Every corner seems to have something.
It’s to the point that my mind has turned against me. Every fear I have ever had seems to be alive in Grimrock. The torch casts flicking shadows against the wall and it seems like something is always waiting just beyond the shadows; waiting for the torch to be extinguished.
“Do you smell that,” I heard Silvertan hiss behind me. I paused and sniffed at the air. All I could smell was the burning torch. I looked at Silvertan, whose scales seemed to be etched in blackness, with small shadows decorating and accentuating them.
“I don’t smell anything,” I answered.
Silvertan seemed to look at me with a twitch of disgust in his eyes. I am not sure if it was because of who I am, or the fact that I’m human. He’s said things that seem to elude to the idea that he might know who my parents are.
“Truluffs,” he answered.
I looked at him blankly. What he said made no sense to me. “What is Truluffs?”
“Mushrooms,” Blaz’tik answered. “Very rare mushrooms.”
“Extremely rare, except in my homeland, within the Terragrass Marshes,” Silvertan added.
I looked back and forth between them. “So, what’s the big deal with some mushrooms?”
“You humans use it for cooking,” Silvertan answered. “Though, they’re very rare, because of the wild swine within the Terragrass Marshes… the truluff spores emit the same scent as the pheromone that the wild boars emit in their saliva. Thus the wild female swine, sniff them out and devour them. Later, when they excrete the remains, the spores replant themselves within the feces and the cycle begins anew. Truluffs require a dark, dank, moist environment.” Silvertan seemed to smile, “Although eating them raw will have … lucid effects, if they’re not cooked – except to female swine.”
“That’s all good, but I don’t think anyone here is willing to sit down and cook a gourmet meal,” I shrugged.
“They are –tic!- also highly prized as –tic!- magical components,” Blaz’tik said.
“Magical components,” I said. “Now that we can use. All right,” I turned to Silvertan. “Which way?”
Silvertan walked by me, his serpent eyes on me until he passed me by. Taren, the minotaur caught it as well. “What’s his problem?” Taren asked gruffly.
“I wish I knew,” I whispered. “But something tells me it may have to do something with my parents.”
“Your parents?” Taren asked. “But how could he know? You’ve changed your name…”
“I don’t know,” I said. “I don’t know.”
We followed Silvertan through the dungeon until we came into a massive room where the entire floor seemed to be made of mushrooms. “This,” Silvertan’s serpent like hiss was thick, “is not natural. Someone made this.”

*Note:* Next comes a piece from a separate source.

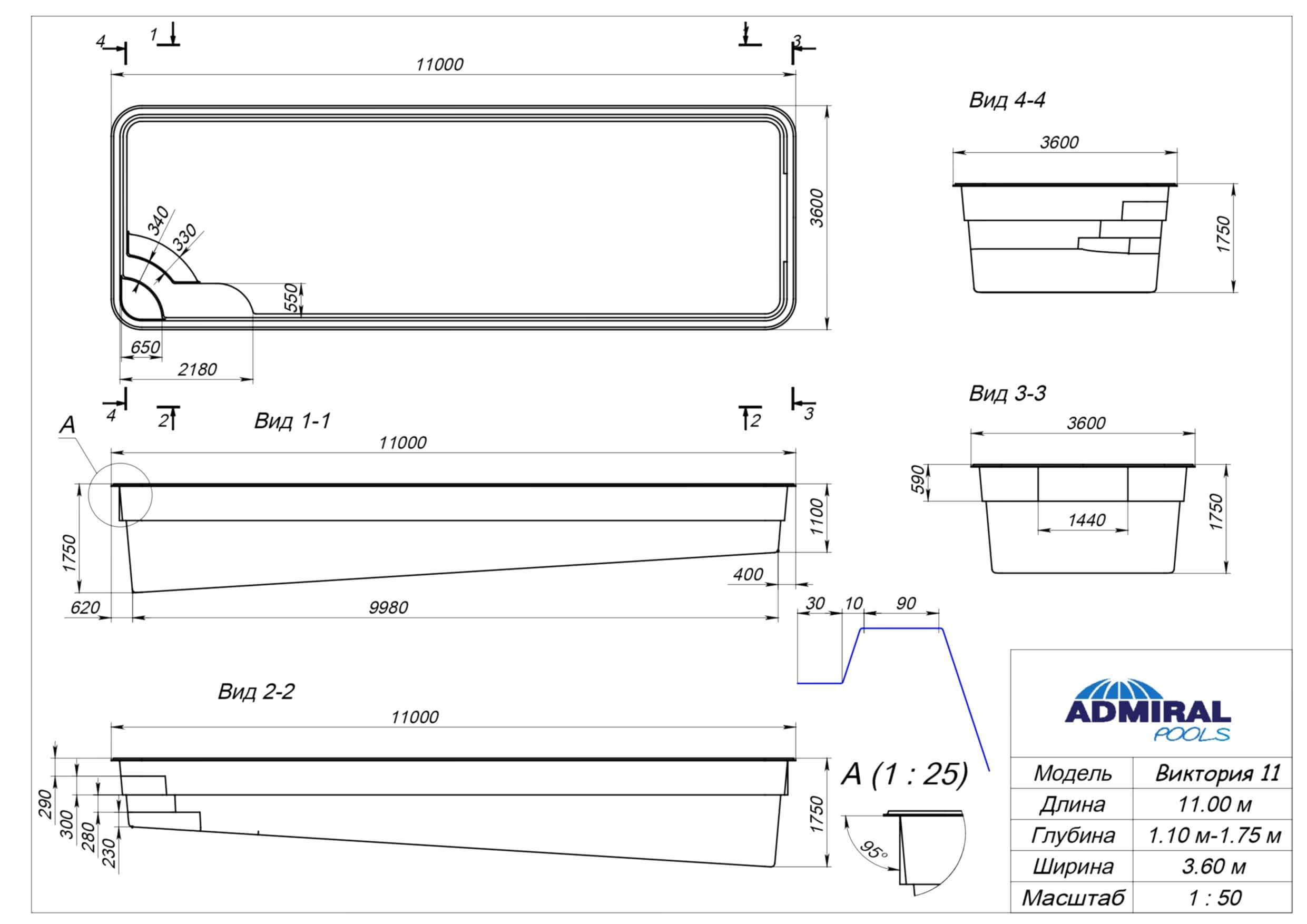 Модель бассейна «Виктория 11» придется по вкусу любителям консерватизма за счет сдержанности форм и четкости линий.

“Or something,” Taren’s nostrils flared, as if trying to use his own heightened sense of smell.
“Grab some mushrooms and make it quick,” I said, gesturing to the massive mushroom patch.
Then I heard it.
Coming from the darkness down the hall, beyond the torch light.
It sounded like a herd of angry turkeys.
“What in the seven gods is that sound?” I asked.
“Herders,” Silvertan said, nodding. “Now it makes sense. There’s herders in here.”
“What is a herder?”
“A living mushroom, to make it quick,” Silvertan said. “They’re native to the Terragrass Marshes. I don’t know what they’re doing here. They’re nothing to be fearful of – they’re only a few inches in height. It’s the Spore Herders and Elder Herders that you need to be very mindful of. They’re extremely lethal.”
However, what came bursting through the darkness was hardly a few inches in height. These herders stood nearly four feet tall, appearing to be – as Silvertan noted – living mushrooms, with root like appendages for feet and arms.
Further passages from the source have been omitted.